Actress Meryl Streep, recipient of the Cecil B. DeMille Award, poses in the press room during the 74th Annual Golden Globe Awards at The Beverly Hilton Hotel on January 8, 2017 in Beverly Hills, California.
Photo by Kevin Winter via Getty Images
By Donald Brand
January 11, 2017

Empathy begins at home. Before we can understand others, we should focus on understanding ourselves—hence the Socratic dictum, “Know thyself.” Unfortunately, when it comes to self-knowledge, Meryl Streep appeared clueless at Sunday’s Golden Globe Awards ceremony. As a self-appointed representative of Hollywood, she wants to defend Hollywood from the charge that it is out of touch with the concerns of ordinary Americans, noting that Hollywood actors and actresses were “just a bunch of people from other places.” During her Lifetime Achievement Award speech, she singled out those who came from humble origins, such as Viola Davis, who “was born in a sharecropper’s cabin in South Carolina,” or Sarah Paulson, who was “raised by a single mom in Brooklyn.”

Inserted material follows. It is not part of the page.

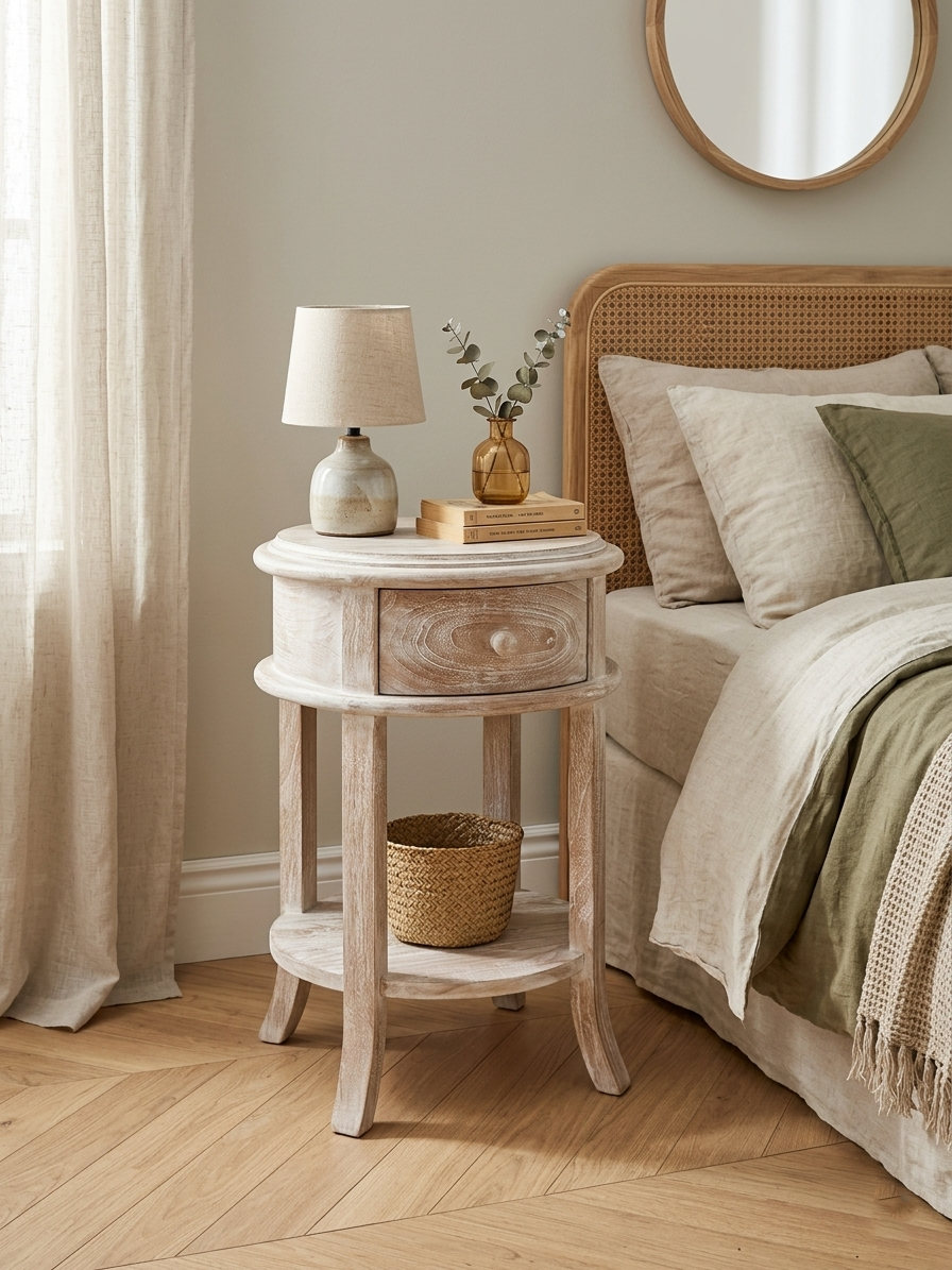 Sublimez votre espace de repos avec cette table de nuit ronde au charme intemporel. Fabriquée en teck massif, elle se distingue par sa silhouette galbée et sa finition patinée blanc qui apporte douceur et luminosité à votre chambre. Son design circulaire permet de casser les lignes droites de la pièce pour créer une atmosphère plus enveloppante, zen et élégante.

She also wanted to stress the number of stars who were born abroad and came to Hollywood to share their talents with the world. And we all know that these stars have achieved not only fame, but fortune, too. But this latter fact was notably absent from Streep’s sermon. While some, perhaps most, of the stars on Streep’s list may have come from modest backgrounds, they have come a long way. A quick survey of the Celebrity Net Worth website reveals—not surprisingly—that all of the stars she mentions are millionaires, and most of them are double-digit millionaires. Streep herself is worth $75 million, Sarah Jessica Parker is worth $90 million, and Natalie Portman comes in at $60 million.

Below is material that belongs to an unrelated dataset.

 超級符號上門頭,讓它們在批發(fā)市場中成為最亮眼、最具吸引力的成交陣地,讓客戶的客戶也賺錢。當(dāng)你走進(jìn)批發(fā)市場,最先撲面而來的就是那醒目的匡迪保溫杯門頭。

Admittedly, there are laggards in this group, like Sarah Paulson at $4 million. But such comparative poverty is unlikely to elicit the sympathy of most Americans. Hollywood stars are a wealthy group who often pride themselves on ostentatious displays of wealth, live in the cultural bubble that is Hollywood, and support left-wing political causes. As if we needed Streep to remind us, they don’t like Donald Trump.

The actors and actresses that Streep identified are talented individuals who work hard and earn the money they have acquired. Perhaps none are more deserving than Streep, who surely earned the Lifetime Achievement Award she received that evening. Nor was Streep off the mark in identifying a capacity for empathy as the distinguishing characteristic of great actors and actresses. It is only to be regretted that the limits of Streep’s capacity for empathy were so evident in her remarks.

 

But it wasn’t just the one-sided caricature of Trump as dictator-in-the-wings that revealed the limits of her empathy. It was the condescending reference to those who watch “football and mixed martial arts, which are not the arts.” The Trump supporters who vilify Hollywood are clearly uncultured louts—xenophobes who can’t appreciate the cosmopolitan openness of Hollywood to foreigners—the basket of “deplorables” that Hillary Clinton referenced during the presidential campaign. It would require genuine empathy for the financially secure Hollywood elite to understand the economic hardship that led many working-class Americans to see Trump as their only hope.

If Streep would take the time to look at voting data, she might be forced to recognize that many of the voters who put Trump over the top in this election had voted for Barack Obama in 2008 and 2012, which does not support the theory that Trump voters are bigots if she indeed supported Obama.

Streep focused attention on Trump’s mimicry of a disabled reporter as the act of a bully. This was Trump at his worst. What she doesn’t take the time to consider is whether inciting Hollywood to declare war on the president-elect promotes the causes she supports. If Streep is right when she said “disrespect invites disrespect,” then her disrespectful treatment of Trump will only invite Trump supporters to disrespect Hollywood, undermining its capacities to expand our empathetic horizons. A renewal of the culture wars may win Streep accolades in Hollywood, but focusing on her craft and leaving the political implications to others is a more effective strategy for strengthening the forces of cosmopolitan humanitarianism.

Donald Brand is a professor of political science at the College of the Holy Cross.